How many Applications in an enterprise business setup
For example, in an e-commerce business application architecture there will be individual application ranging from:
- website application accepting customers orders,
- payment application doing payment transactions,
- inventory application providing up to date stock of the products being sold,
- delivery systems responsible for customer order delivery tracking,
- customer support application dealing with cancellations, complaints
- and many other applications.
And of some such applications in any Enterprise IT Solutions are home grown, while other being third party apps brought from different software vendors, to be used AS IS and rest will have some kind of customization here and there to meet the business needs.
When active development is going on in any system, at times there will discussion on which application should do a specific functionality.
For example, if Application A (e.g., a website) is getting data from Application B and if there is need to reformat the data to be displayed in Application A, then you should always ask a question whose responsibility it is to reformat the data.
In the current context the responsibility of reformatting as per the need Application A should remain with Application A boundary.

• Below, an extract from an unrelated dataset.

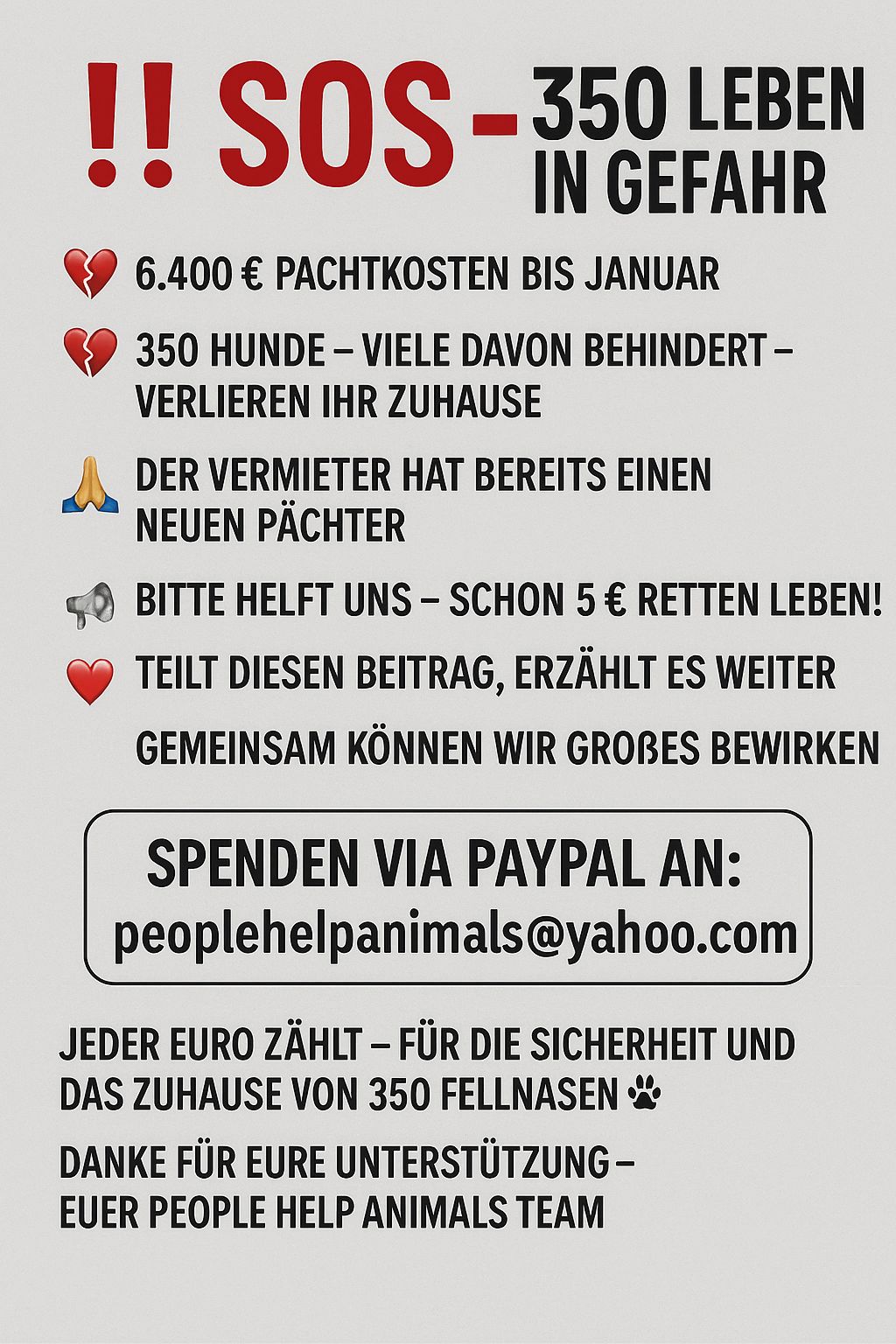 Nur 5€ die mit helfen für 2 Jahre das Zuhause für 350 Fellnasen zu sichern!
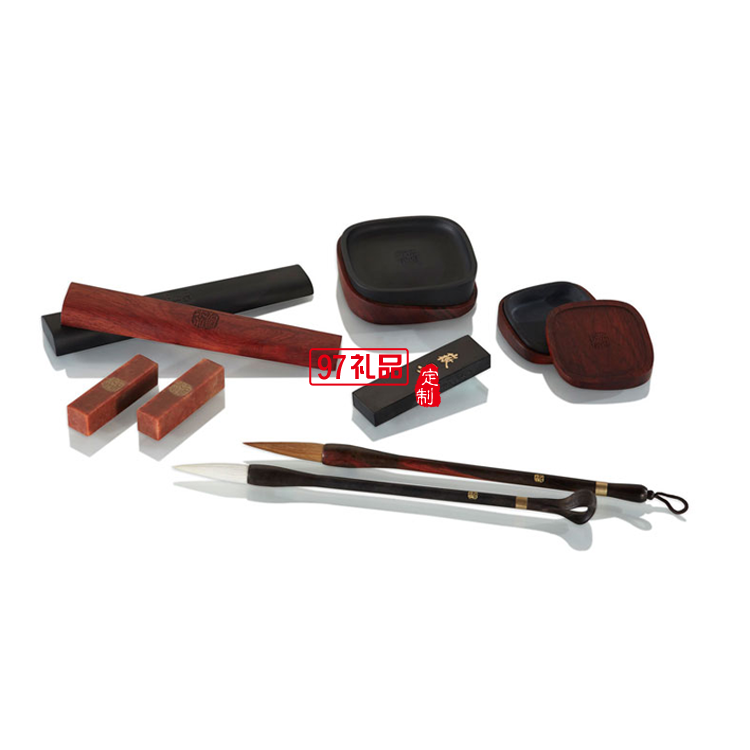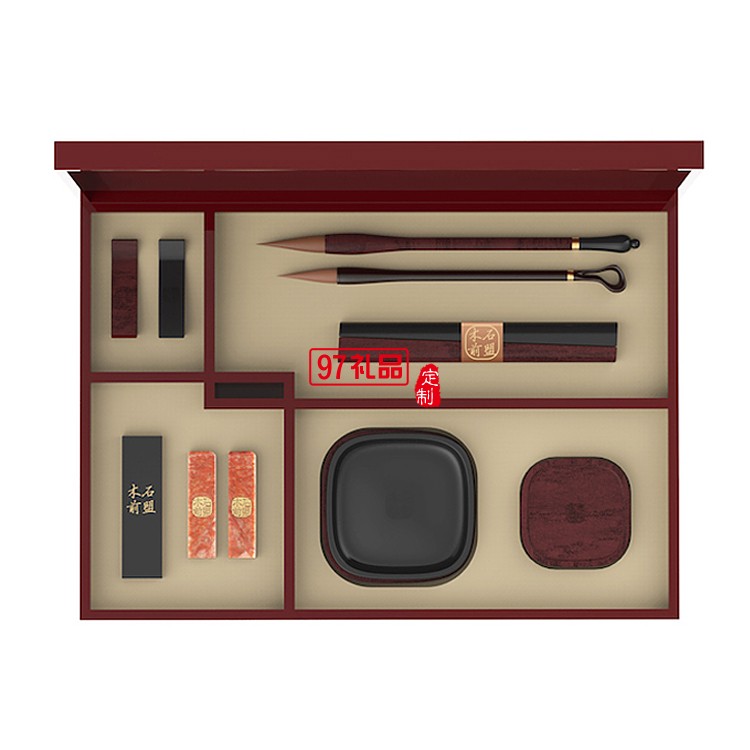 產(chǎn)品集巧思匠心于一身,內(nèi)含湖筆、筆架、篆印、鎮(zhèn)尺各一對;宣紙一本;歙硯、筆洗、印泥盒、徽墨各一方。以傳統(tǒng)非遺工藝打造,富含深厚的文化淵源,結(jié)合木與石兩種材質(zhì),打造高貴上乘的文房精品。

Such application specific requirements should be addressed within themselves.
Importance of correct Responsibility assignment to an Application
For whatever reason if you ask Application B to reformat the data, then Application B is bound to change whenever formatting requirements changes in Application A. Such formatting requirements are bound to change often based the user feedback.
Not just that, other users of Application B might be impacted by such frequent changes and Application B will become more fragile over time because each connecting application might ask data in different format.
A real Example on assigning data formatting responsibility
Sometime back, I was part of design discussion involving 3 different applications.
- "Application A" wanted to display an entity Name, sourcing from different application.
- "Application A" would call "Application B" which is a kind of messaging layer to get the required data.
- Application B would in turn call "Application C" to get the data to service "Application A" request.
With that said, Application A (the end user app) wanted to display "N/A" when the entity doesn't have name stored and there was thought that, "Application B" would have that logic. Such business logic is very specific to "Application A" and also requirements are bound to change over time with the customer feedback.
Hence the view of "Application B" (messaging layer) reformatting the data as per the needs of "Application A" didn't fly when the design meeting concluded. So "Application A" was asked to format the data as per their needs.